Low (centre) showing the health department labelling requirement for festive cookies with Chu (second from right), Lai (right) and Luu (second from left) during the press conference. — RONNIE CHIN/The Star

PERAK home-based bakers and traders are taken back by the recent enforcement on labelling for festive cookie packing in Penang.

Many were left confused by the requirement as they were unsure whether it was being implemented nationwide or just in Penang.

Luu Mun Iya, who has been baking and selling home-made festive cookies for six years, said the ruling caused a lot of shops to stop placing orders.

“Some shops request that the containers for my cookies be labelled as per the requirement in Penang. This has caused orders to drop by about 40%.
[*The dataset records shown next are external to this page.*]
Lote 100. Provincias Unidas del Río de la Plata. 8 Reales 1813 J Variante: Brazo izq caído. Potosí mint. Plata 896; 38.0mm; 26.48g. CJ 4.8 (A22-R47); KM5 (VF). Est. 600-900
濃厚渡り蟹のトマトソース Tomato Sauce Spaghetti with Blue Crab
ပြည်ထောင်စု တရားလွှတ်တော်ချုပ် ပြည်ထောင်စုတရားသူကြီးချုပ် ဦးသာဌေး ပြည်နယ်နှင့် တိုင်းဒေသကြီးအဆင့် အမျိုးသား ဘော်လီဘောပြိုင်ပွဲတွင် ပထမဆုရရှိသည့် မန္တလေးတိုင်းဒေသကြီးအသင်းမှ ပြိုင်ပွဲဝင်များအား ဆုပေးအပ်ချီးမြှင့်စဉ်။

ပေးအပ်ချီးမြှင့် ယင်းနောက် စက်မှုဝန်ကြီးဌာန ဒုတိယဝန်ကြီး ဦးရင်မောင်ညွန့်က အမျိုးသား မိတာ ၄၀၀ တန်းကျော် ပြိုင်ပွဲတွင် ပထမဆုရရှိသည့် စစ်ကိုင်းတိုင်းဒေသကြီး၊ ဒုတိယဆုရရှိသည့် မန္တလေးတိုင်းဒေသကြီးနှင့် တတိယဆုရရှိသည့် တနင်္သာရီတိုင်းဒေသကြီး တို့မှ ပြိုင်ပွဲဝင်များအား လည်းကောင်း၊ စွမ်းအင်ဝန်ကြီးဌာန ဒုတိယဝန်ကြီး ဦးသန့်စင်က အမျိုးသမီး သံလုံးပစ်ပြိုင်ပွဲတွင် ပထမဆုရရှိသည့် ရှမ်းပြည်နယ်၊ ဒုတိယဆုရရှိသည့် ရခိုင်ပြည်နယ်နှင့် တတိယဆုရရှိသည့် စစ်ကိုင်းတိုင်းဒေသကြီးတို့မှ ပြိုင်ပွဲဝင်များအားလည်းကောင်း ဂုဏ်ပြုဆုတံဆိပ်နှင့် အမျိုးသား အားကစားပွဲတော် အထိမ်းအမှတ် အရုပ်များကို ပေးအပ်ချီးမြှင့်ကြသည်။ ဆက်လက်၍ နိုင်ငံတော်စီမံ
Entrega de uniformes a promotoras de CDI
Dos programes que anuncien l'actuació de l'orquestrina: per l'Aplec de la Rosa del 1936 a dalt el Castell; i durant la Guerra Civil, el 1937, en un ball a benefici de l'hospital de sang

“I was told that there were many procedures involved before I could place the labels on the containers, ” she said during a press conference held by Perak MCA Public Services and Complaints Bureau chief Low Guo Nan at a biscuit shop in Ipoh.
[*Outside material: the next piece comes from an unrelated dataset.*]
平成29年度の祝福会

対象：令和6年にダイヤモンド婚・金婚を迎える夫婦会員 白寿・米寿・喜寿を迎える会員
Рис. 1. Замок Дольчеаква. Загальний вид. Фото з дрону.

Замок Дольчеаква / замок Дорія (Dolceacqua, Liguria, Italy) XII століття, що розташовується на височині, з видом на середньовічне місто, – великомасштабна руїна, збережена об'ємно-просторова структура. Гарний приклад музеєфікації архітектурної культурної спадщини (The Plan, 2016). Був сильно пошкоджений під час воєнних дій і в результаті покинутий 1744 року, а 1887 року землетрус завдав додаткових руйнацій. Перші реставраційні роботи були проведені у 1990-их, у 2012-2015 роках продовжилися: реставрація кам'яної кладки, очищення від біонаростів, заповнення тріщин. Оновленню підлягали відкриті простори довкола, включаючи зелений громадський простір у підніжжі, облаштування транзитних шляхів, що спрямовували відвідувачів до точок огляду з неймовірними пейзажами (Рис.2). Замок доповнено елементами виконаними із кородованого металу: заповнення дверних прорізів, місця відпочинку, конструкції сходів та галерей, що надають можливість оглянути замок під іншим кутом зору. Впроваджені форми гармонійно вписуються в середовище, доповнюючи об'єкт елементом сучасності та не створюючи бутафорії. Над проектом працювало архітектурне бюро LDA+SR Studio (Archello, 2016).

“I need to first register with the Companies Commission of Malaysia, get my cookies tested followed by other procedures that I am not even sure about. It’s an inconvenience, ” she added.

Luu, from Kuala Kangsar, said she bought a lot of ingredients to bake cookies for Chinese New Year.
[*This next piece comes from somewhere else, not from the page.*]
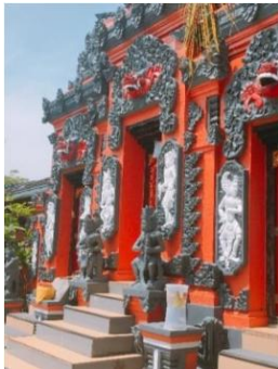
Gambar 12. Pintu tempat Sembahyang

Pada saat memasuki Utama Madya terlebih dahulu di percikkan air suci baik kepada agama Hindu maupun non Hindu. Terdapat tiga pintu saat memasuk Utama Madya, pintu di tengah hanya dapat di lewati oleh orang suci dan terbuka pada saat upacara sedangkan untuk pintu samping dapat dilalui oleh semua umat Hindu yang akan bersembahyang maupun non Hindu. Terdapat pula simbol di pintu yaitu boma dalam bahasa Bali dan yang lebih dikenal kalamakara yang berarti penunjuk waktu. Selain itu juga terdapat empat arca yang secara umum berarti sebagai penetralisir negative- negative sebelum sembahyang dan setiap arca memiliki nama dan arti yang berbeda- beda.

“It has affected the industry. I have stopped baking for now and am not sure if I should continue, ” she said.

It was reported that the Penang Health Department had sent out a directive to enforce the labelling on food product containers detailing the ingredients used and nutrition facts.

Its director Dr Asmayani Khalib said home-made food products for sale must have the labels except for items that are weighed and measured in the presence of the buyers.

She said this was to address concerns about the health safety of consumers.

The Penang Domestic Trade and Consumer Affairs Ministry had since said that home-based bakers were temporarily exempted from this ruling; and reminded traders on the need to label their products properly.

Another home baker, Chloe Lai, said she too was having second thoughts to continue baking.

“I have also stopped placing my cookies at shops.

“I don’t know what I should do if the shop owners get fined for not having proper labels for my cookies, ” she said.

Cookie seller Apple Chu said she had to take the products at her shop off the shelves following the new ruling.

“I have spent about RM5,000 on 10 boxes of these cookies from some bakers.

“I am now selling these discreetly to regular customers, ” she added.

“It feels as though I am selling pirated VCDs!

“I cannot send these cookies back and ask for a refund, ” she added.

Low said the government needed to be clear with its ruling before enforcing it.

“They should give the home-based bakers more time and educate them on what they need to do.

“With Chinese New Year coming soon, it has caused an unnecessary panic and affected a lot of bakers and traders, ” he said.

“We are aware that the Penang Domestic Trade and Consumer Affairs Ministry has clarified its stance that it will not affect home bakers but the health department has yet to make any statement on it.

“From what we gathered, it will be enforced nationwide and not just in Penang, so the government needs to clarify this, ” he added.

When contacted, Perak health, consumer affairs, civil community, national integration and human resources committee chairman A. Sivanesan said the ruling would not be enforced in the state.

He said the home-made festive cookies were only sold in small quantities and for a short period, compared to those being marketed commercially by bigger companies.

“I don’t see a need for it here.

“There have been no incidences of people having fallen ill after eating home-made cookies here, ” he said.

“There are lots of quantitative and qualitative processes, including laboratory tests, which can be a hassle for the small traders, ” added Sivanesan.